Extracted material:

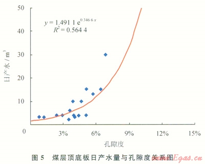 煤層直接頂?shù)装鍨樯皫r時,物性較好,且砂巖厚度越大,則頂?shù)装迳皫r的含水性越強(qiáng),煤層壓裂后頂?shù)装迳皫r的地層水易于產(chǎn)出,排采出水量亦較大。如果砂巖為老頂?shù)?,但直接頂?shù)装宓哪鄮r較薄,壓裂時容易壓穿直接頂?shù)装宓哪鄮r,致使壓裂縫溝通了老頂?shù)椎纳皫r而增大出水量,且隨著砂巖距煤層越近,越易于壓穿直接頂而溝通砂巖含水層,為此,頂?shù)装迳皫r的厚度、孔隙度及距煤層的距離與煤層排采出水量有較大的關(guān)系。
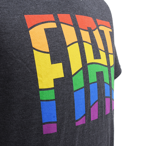 FIAT custom graphic printed in rainbow colors on front center chest
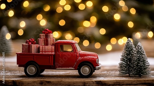 Red Toy Truck Delivering Christmas Presents Against a Sparkling Lights Background
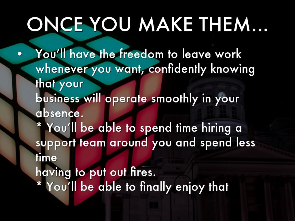 * You’ll be able to spend time hiring a support team around you and spend less time
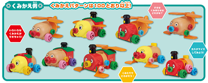 好きなパーツを選んでいろんなくみかえを楽しもう♪くみかえのパターンは100通り以上あるので、飽きずに長く遊べます!

What the task asks: Give back the full listing exactly, with pictures dropped.

Result of this task:
 煤層直接頂?shù)装鍨樯皫r時,物性較好,且砂巖厚度越大,則頂?shù)装迳皫r的含水性越強(qiáng),煤層壓裂后頂?shù)装迳皫r的地層水易于產(chǎn)出,排采出水量亦較大。如果砂巖為老頂?shù)?,但直接頂?shù)装宓哪鄮r較薄,壓裂時容易壓穿直接頂?shù)装宓哪鄮r,致使壓裂縫溝通了老頂?shù)椎纳皫r而增大出水量,且隨著砂巖距煤層越近,越易于壓穿直接頂而溝通砂巖含水層,為此,頂?shù)装迳皫r的厚度、孔隙度及距煤層的距離與煤層排采出水量有較大的關(guān)系。
 FIAT custom graphic printed in rainbow colors on front center chest
 Red Toy Truck Delivering Christmas Presents Against a Sparkling Lights Background
 * You’ll be able to spend time hiring a support team around you and spend less time
 好きなパーツを選んでいろんなくみかえを楽しもう♪くみかえのパターンは100通り以上あるので、飽きずに長く遊べます!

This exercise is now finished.